After a shared file pointer operation is initiated, it is updated, relative to the current view of the file, to point to the elementary data item immediately following the last one requested, regardless of the number of items actually accessed.

MPI_File_read_shared and MPI_File_write_shared are blocking routines that use the shared file pointer to read and write files, respectively. The order of serialization is not deterministic for these noncollective routines, so you need to use other methods of synchronization if you wish to impose a particular order.

MPI_File_iread_shared and MPI_File_iwrite_shared are the nonblocking versions of MPI_File_read_shared and MPI_File_write_shared, respectively.

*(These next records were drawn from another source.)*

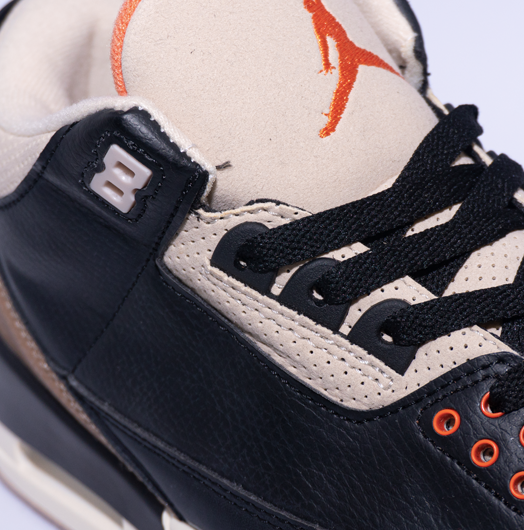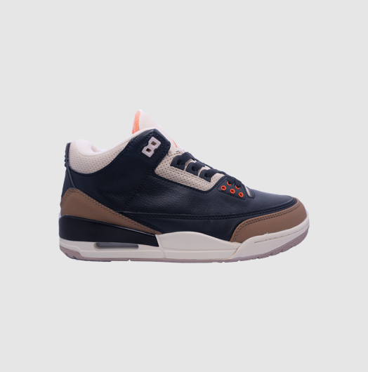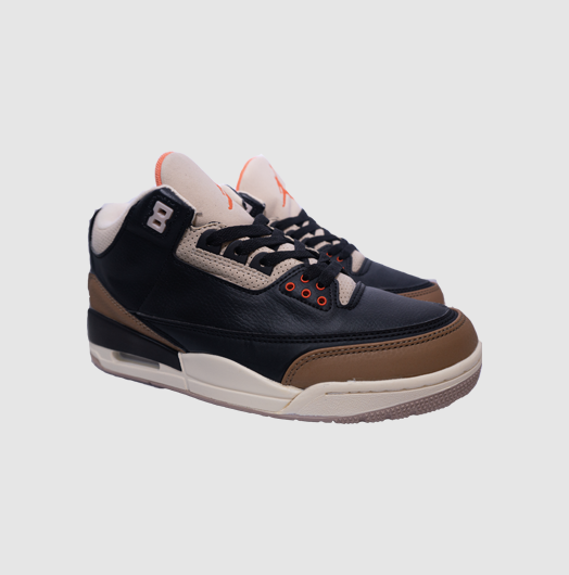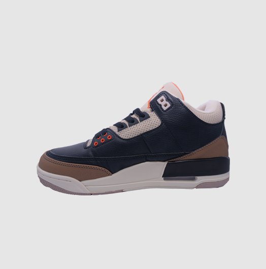 Las Air Jordan 3 Desert Elephant toman la icónica silueta diseñada por Tinker Hatfield en 1988 y la reinterpretan con un estilo sofisticado. Este par combina cuero negro premium en la parte superior con los característicos paneles de elephant print, ahora reimaginados en tonos marrón desierto que aportan calidez y un aire vintage. Los detalles en naranja y beige resaltan en la lengüeta y el talón, creando un contraste perfecto con la base oscura. La unidad Air visible en el talón asegura comodidad y amortiguación, mientras que la suela mantiene el ADN clásico de las Jordan 3. Un par que une historia, lujo y un look versátil para cualquier ocasión.
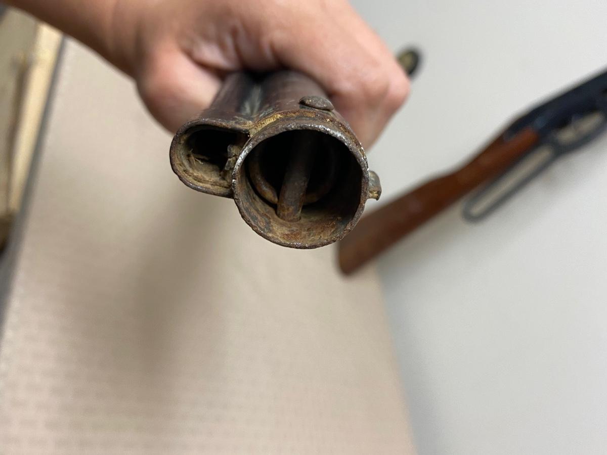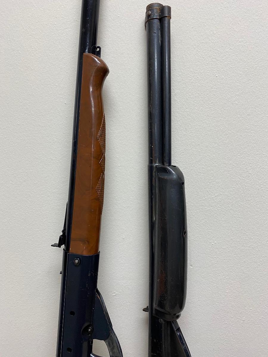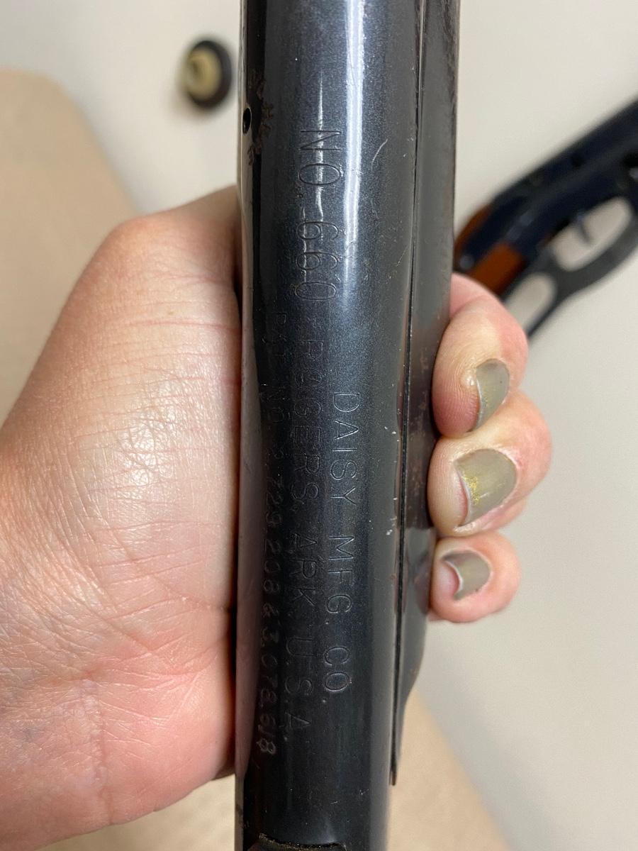 Vintage Daisy BB Pellet Gun Lever Action Air Rifles. The shorter one seems to be older, has more power it seems when shot. Both seem to be working fine, did not have actual ammo to fire but lever action works nicely on both.
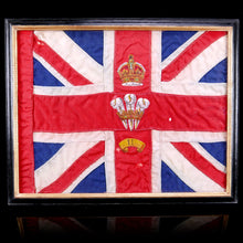 No. 2 Company Colour bearing the Prince of Wales’s feathers - ‘Three feathers argent, quilled or, out of a Prince’s coronet or. A Badge of Edward, son of Edward III, granted by William III in 1696 - ensigned with a King’s Crown in the centre and the Company numeral on a scroll below’; mounted to a board inscribed verso in pencil in an unknown period hand ‘Picked up on the sands at Dunkirk / It was the Company Colour of the 2nd Batt. [sic] Coldstream Guards / commanded by Captain The Lord Frederick Cambridge / who was killed on the Doyle Canal at the beginning of / the retreat towards Dunkirk May 1940’. Flag: 45cm (17.75in) x 61cm (24in). Framed and glazed.

MPI_File_read_ordered and MPI_File_write_ordered are the collective versions of MPI_File_read_shared and MPI_File_write_shared. They must be called by all processes in the communicator group associated with the file handle, and the accesses to the file occur in the order determined by the ranks of the processes within the group. After all the processes in the group have issued their respective calls, for each process in the group, these routines determine the position where the shared file pointer would be after all processes with ranks lower than this process's rank had accessed their data. Then data is accessed (read or written) at that position. The shared file pointer is then updated by the amount of data requested by all processes of the group.

The split collective versions of MPI_File_read_ordered and MPI_File_write_ordered are listed in the table at the beginning of this section.

MPI_File_seek_shared is a collective routine, and all processes in the communicator group associated with the particular file handler must call MPI_File_seek_shared with the same file offset and the same update mode. All the processes are synchronized with a barrier before the shared file pointer is updated.

MPI_File_get_position_shared returns the current position of the shared file pointer relative to the current displacement and file type.